Was never the intent of this necklace, which introduces a new animal into the Cartier bestiary; rather, it was the desire to abstractly represent the delicate nature of their floating fins while creating a High Jewellery necklace. A creative stroke of handiwork made with a cascade of spinel beads selected for their harmony of colours and increasing size. Each bead is held within a type of invisible cap by a tiny nail whose surface plays with the light like water would over the scales of a fish.
This exceedingly supple bib necklace is lined with nine oval and pear spinels totalling 27.79 carats. Remarkable for its chromatic uniformity, the ensemble is studded with square- and lozenge-shaped diamonds that electrify this fluid necklace, which seems to flow along the body’s curves.

THE CAMAIL NECKLACE

Abird’s plumage thus becomes the abstract motif of a choker. Inspiration came to the artisans as they gazed in wonder upon the 42.44-carat ensemble of five Zambian emeralds, remarkable in their pear-shaped beauty. Each gem is highlighted by a curve of square diamonds trimmed with custom-cut onyx. The design thus creates a strong sensation of movement. Behind this rhythmic composition lie two feats of jewellery-making prowess: first, the necklace’s suppleness and second, the prong-less settings of the emeralds which seem to rest on top of the diamonds. In reality, each stone is precisely fitted onto a crescent-moon paved with diamonds that is integrated into the border. This creation renews and explores the chromatic harmony between white, green, and black that appeared around 1910 and has since become an emblematic combination of the Maison. The black of onyx, lacquer and enamel provides contrast, suggests volume and depth, and highlights geometric motifs. This combination heralded the Art Deco movement, of which Cartier was a pioneer.

THE OBI NECKLACE

Drawing inspiration from Japanese fabrics decorated with the rising sun motif, the Obi necklace pays tribute to the culture of Japan, an inspiring land cherished by the Maison for more than a century. A rare ensemble composed of eight cabochon-cut emeralds, including a 12.53-carat specimen from Zambia, provides the starting point. The gemstones become the heart of the radiant motifs, linked together. The roundness of the cabochons contrasts with the motif’s geometry, which is punctuated by small calibrated rubies. Thanks to the very delicate custom-cut onyx inserts, the angles are marked, volumes accentuated, and the entire necklace gains depth. Green, red, and black: a signature chromatic harmony for Cartier, which since the beginning of the 20th century has dared to create unprecedented combinations. The colour black represents a new
modern entry into the Cartier universe, and is now emblematic of its style. In keeping with Cartier’s tradition of transformable pieces, the pendant motif detaches to be worn as a brooch.

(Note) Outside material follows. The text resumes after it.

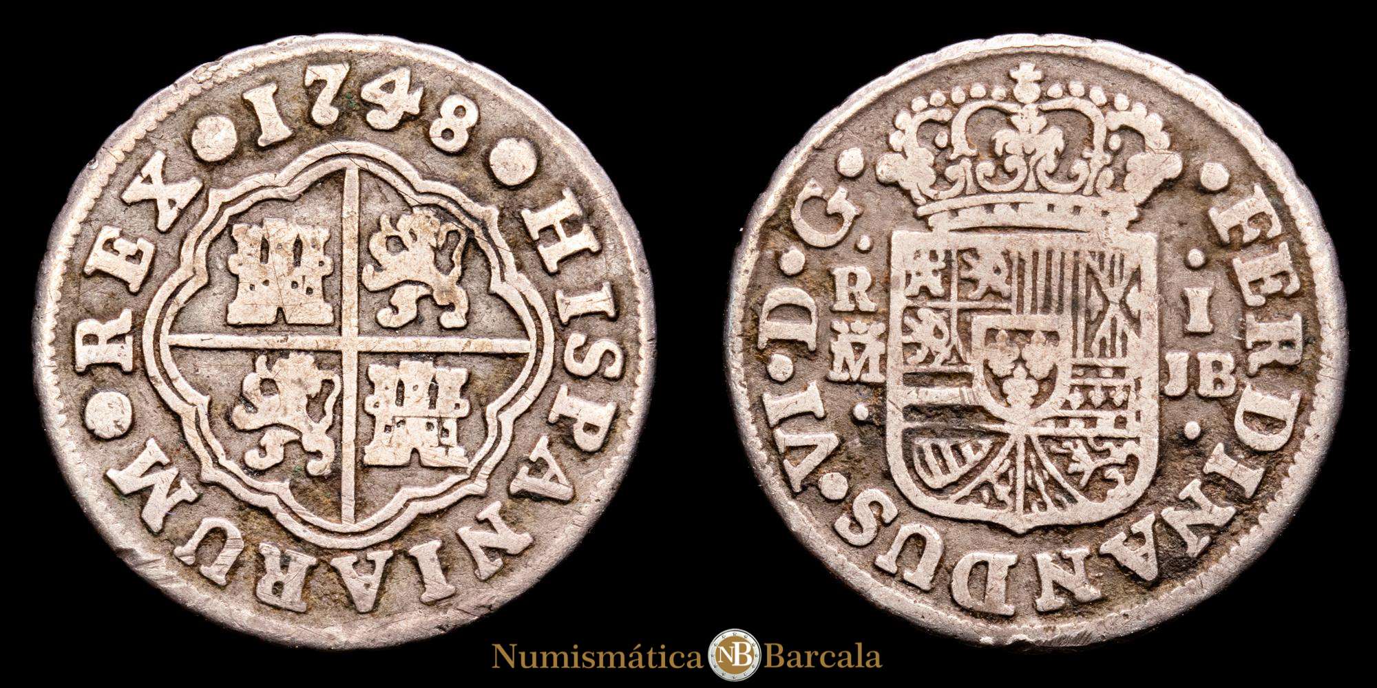 Fernando VI. 1 Real. (2,57 g.). Madrid. 1748. Ensayadores J·B. Aureo y Calico-172. MBC-.
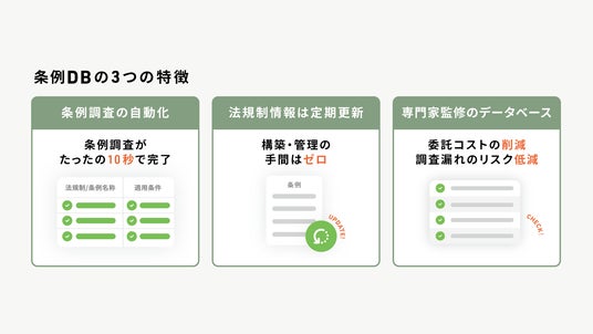 また、不動産事業者・建築主向けの条例調査効率化サービス「条例DB(条例ディービー)」も同時出展いたします。(※「条例DB」は、2025年4月中のリリースを予定しております。)

“Always striving to enchant the senses, we transcribe the richness of cultures, landscapes, fauna, and flora with a contemporary outlook. Each collection represents an opportunity to reveal a new and distinctive aspect of the Cartier style, a unique multifaceted style.” “Seeing a stone for the first time is a magical experience charged with emotions that transport and guide the creation from naturalism to abstraction, constantly pushing the limits of creativity and savoir-faire. The Maison’s savoir-faire is a permanent dialogue between creation and technique. The jeweller’s virtuosity makes it possible to hide the shaping and cutting process, in order to highlight the aesthetics and the stones.”